However, what is being done to experiment with the flexible capabilities of CAPI technology – to approach face-to-face surveys uniquely?
Advanced CAPI software can be a powerful tool that opens the door to dozens of new uses. Think of personal interviewing software that empowers teams to access more respondents from a wider sample.
In this blog, we’ll dive deeper into the concepts of CAPI survey software and learn how it is a significant tool in data collection.
Let’s begin with the basics.
What is a CAPI survey software?
CAPI stands for ‘Computer Assisted Personal Interviewing’, in which an interviewer enters survey questions onto a tablet or phone during the interview.
CAPI survey software is a tool that enables it. It is like any other survey tool, for example, online survey tools, IVR, etc.
What are the advantages of using CAPI survey software for data collection?
Using CAPI survey software for research has several benefits, some of which are:
Efficiency and Accuracy: CAPI software can help interviewers administer surveys more efficiently and accurately. The software can guide interviewers through the questionnaire, ensuring that questions are asked in the correct order and responses are recorded accurately.
Real-time Data Collection: Data collected through CAPI software can be instantly transmitted to a centralized database. This eliminates the need for manual data entry, reducing the chances of errors and allowing for faster data analysis.
Complex Question Logic: CAPI software can handle complex skip patterns, branching, and routing in questionnaires. Depending on a respondent’s answers, the software can automatically skip irrelevant questions or guide the interview in a specific direction.
Multimedia Integration: CAPI software can incorporate multimedia elements, such as images, videos, and audio clips, to enhance the survey experience and gather more detailed responses.
Data Validation: CAPI software can include built-in data validation checks. This helps ensure that respondents provide valid and consistent responses by flagging or correcting errors in real time.
Offline Capabilities: Some CAPI software can operate offline, allowing interviewers to collect data in areas with limited or no internet connectivity. Once a connection is available, the data can be synchronized with the central database.
Security: CAPI software can implement security measures to protect sensitive data. Encryption and access controls can be implemented to safeguard both respondent data and the survey itself.
Monitoring and Supervision: Supervisors can remotely monitor interviews in progress, providing support to interviewers if needed. This can lead to better quality control and consistency in data collection.

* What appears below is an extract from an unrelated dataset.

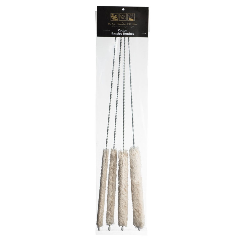 Introducing our premium set of four cloth bagpipe brushes, an essential part of any bagpipe maintenance kit. These brushes are specifically designed for swabbing out excess moisture after playing and for applying bore oil to protect your pipes and improve their longevity. Suitable for every part of the bagpipes, including drones, chanters, stocks, and blowpipes, both inside and out. These brushes are not only sturdy but are also of high quality, ensuring they last a long time. Crafted by the renowned R.G. Hardie & Co. in Scotland, these brushes are top-of-the-line in bagpipe care.

Remote Administration: In cases where face-to-face interviews are not possible, CAPI software can enable remote data collection through video conferencing, allowing interviewers to administer surveys virtually.

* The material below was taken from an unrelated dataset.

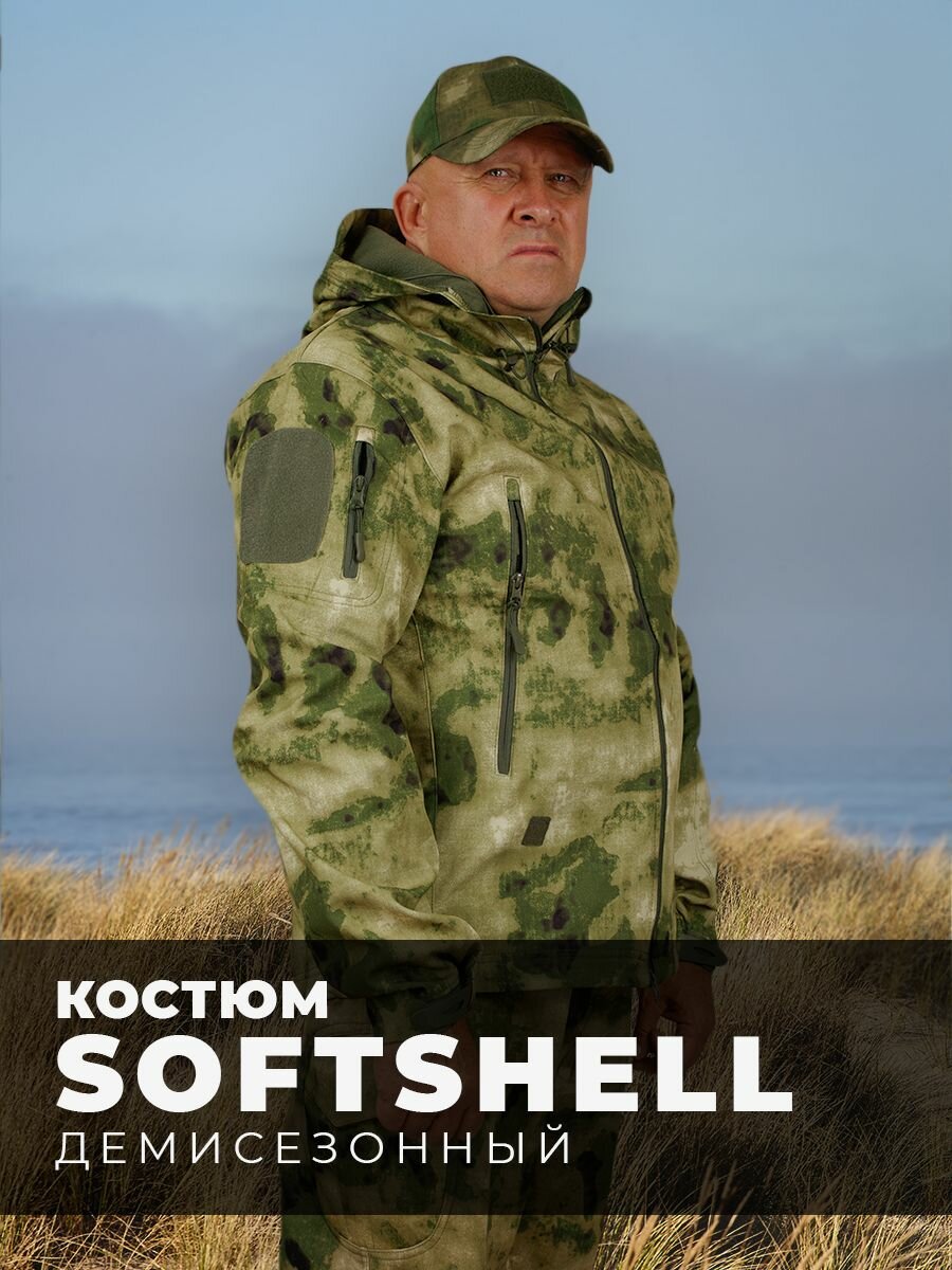 СохранитьКостюм демисезонный на флисе ткань Софтшелл Softshell цвет зеленый мох moss Corvus 60-62/5XL интересное:

Customization: CAPI software often allows researchers to customize the survey layout, design, and branding to match their needs and preferences.
What are some of the most popular CAPI survey software use cases?
CAPI survey software can be used for a variety of purposes. Here are some of the most popular use cases of CAPI survey software:
1. Frontline for Respondents
Let’s begin with a more straightforward use case for the software: CAPI surveys can act as the first gateway to deeper data from engaged respondents down the line. For example, a quick in-person survey can lead to a follow-up self-complete survey and can eventually lead to an invite to join a curated panel.
When using CAPI as an ingredient in a richer multi-channel survey system, personal interviewing software can be used as a first step to a longer, more engaged path to getting quality insights from respondents in many forms.
2. Elderly Needs Assessment Surveys
As we age, it becomes challenging for some to remain independent in their homes. Healthcare researchers, government, and home care services often use CAPI software to collect needs assessment surveys and collect data.
The health care professionals conduct an in-house computer-assisted personal interview with elderly respondents and their caregivers to evaluate living situations and health needs. With CAPI insights and a resulting assessment, elderly and disabled individuals can be supported with a customized care plan.
3. Multilingual Self-Completion
Connecting with tourists worldwide can be difficult, as there is a hurdle of language for interviewers to overcome with international respondents.
However, the insights collected at these locations are incredibly important; they can allow market researchers and tourist boards to make informed decisions about what’s driving the local tourism economy. An effective CAPI tool should allow interviewers to seamlessly change the language of the survey and turn the device towards the respondent for a direct answer.
4. Live Event Dashboards
File under “another unexpected use case”: CAPI tools can be used for fun and engaging live results displays at events, whether a tradeshow or conference.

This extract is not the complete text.